A visita do casal durou uma hora e pouco. Permaneci um tanto mais e logo me despedi: começava a anoitecer, e Casa precisava tomar os remédios prescritos pelos psiquiatras para relaxar e dormir. O bom-senso mandava tratá-lo como convalescente. Quando me acompanhou até a porta, me fez um incômodo pedido: “Você pode conversar na recepção e colocar a chapa do seu carro como ocupante da minha vaga no estacionamento?”. Não aceitei aquela proposta indecente. Logo eu que discordava daquilo tudo! Expliquei que não poderia cometer uma fraude, algo contra os meus princípios, e ainda abriria o flanco para ser acusado de acobertar atitudes perigosas para um dependente químico em fase crucial do tratamento. Ele me olhou como se eu fosse um traidor da pior espécie, mas não insistiu. “Beleza, até mais, então...”, limitou-se a dizer.
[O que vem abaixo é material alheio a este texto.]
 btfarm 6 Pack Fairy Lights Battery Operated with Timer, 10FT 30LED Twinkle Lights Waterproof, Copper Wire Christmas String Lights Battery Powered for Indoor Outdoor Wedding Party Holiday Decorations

Por mais que ele não admita ter me retaliado, não há dúvida de que sentia mágoa. Simplesmente não me telefonou mais e parou de atender minhas ligações. Ainda deixei recados em sua caixa postal, mas não recebi nenhum retorno. Interrompemos, assim, a nossa convivência por mais de um ano. Desisti de procurá-lo e toquei a minha vida. O projeto do livro estava engavetado.
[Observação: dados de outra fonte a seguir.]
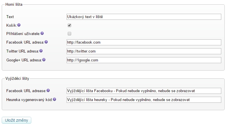 Zde lze upravovat jednotlivé informační lišty. Slouží pro přidání odkazů pro sociální sítě

Tempos mais tarde, quando voltamos a nos encontrar, Casão atribuiria o sumiço repentino a uma orientação da psiquiatra. Ele ainda não estaria pronto para contar a própria história e reviver passagens capitais — para o bem e para o mal — que lhe deixaram marcas ao longo dos anos. Algo bastante compreensível, sem dúvida. Porém, por que não falar disso abertamente, tanto para mim como para a editora? “Eu não sabia como dizer não, ainda mais pelo nível de envolvimento a que já tínhamos chegado com a ideia do livro. Precisava de mais tempo para trabalhar uma série de aspectos na terapia”, justificou-se quando nos reaproximamos, ao retomar sua coluna no Diário de S.

Paulo.

Só então fiquei sabendo que a rebeldia de encontrar ex-internos da clínica, ainda em processo de reabilitação, havia queimado, de fato, seu filme com os terapeutas que avaliavam sua evolução. Uma turminha se formara a partir daquele momento: pacientes se reuniram outras vezes e saíram juntos, apesar da proibição expressa. Alguns deles tiveram recaída. Somente ao constatar, por experiência própria, o perigo daquelas companhias, em plena tentativa de virada em sua vida, Casão resolveu cair fora. Chegou a confessar o delito aos terapeutas, esperando apenas uma advertência. Mas as regras da Greenwood são inflexíveis. Os profissionais recomendaram à família um novo período de internação em Itapecerica da Serra. Ele só não voltou a ser confinado graças à firmeza de Victor Hugo, que acreditou na capacidade de o pai seguir seu próprio caminho e fazer suas escolhas. Os dois, inclusive, passaram a morar juntos.

Claro que ele não ficou sem nenhum apoio terapêutico. Depois da ruptura com a clínica, uma psiquiatra e três psicólogas foram contratadas para ajudá-lo a reorganizar a vida e a lidar com as emoções e os sentimentos guardados por tanto tempo, durante o uso mais intenso das drogas. Chegara a hora de mergulhar em si mesmo, se conhecer melhor e resgatar as relações familiares,

relegadas a segundo plano até então.

Como seriam a volta ao trabalho, a convivência com os amigos e os parentes, o julgamento das pessoas em geral? Afinal, seu drama se tornara público a partir do acidente de carro e a consequente internação. Era necessário medir cada passo para atenuar possíveis preconceitos que poderiam desestabilizá-lo e provocar nova queda no precipício. Um desafio colossal o esperava.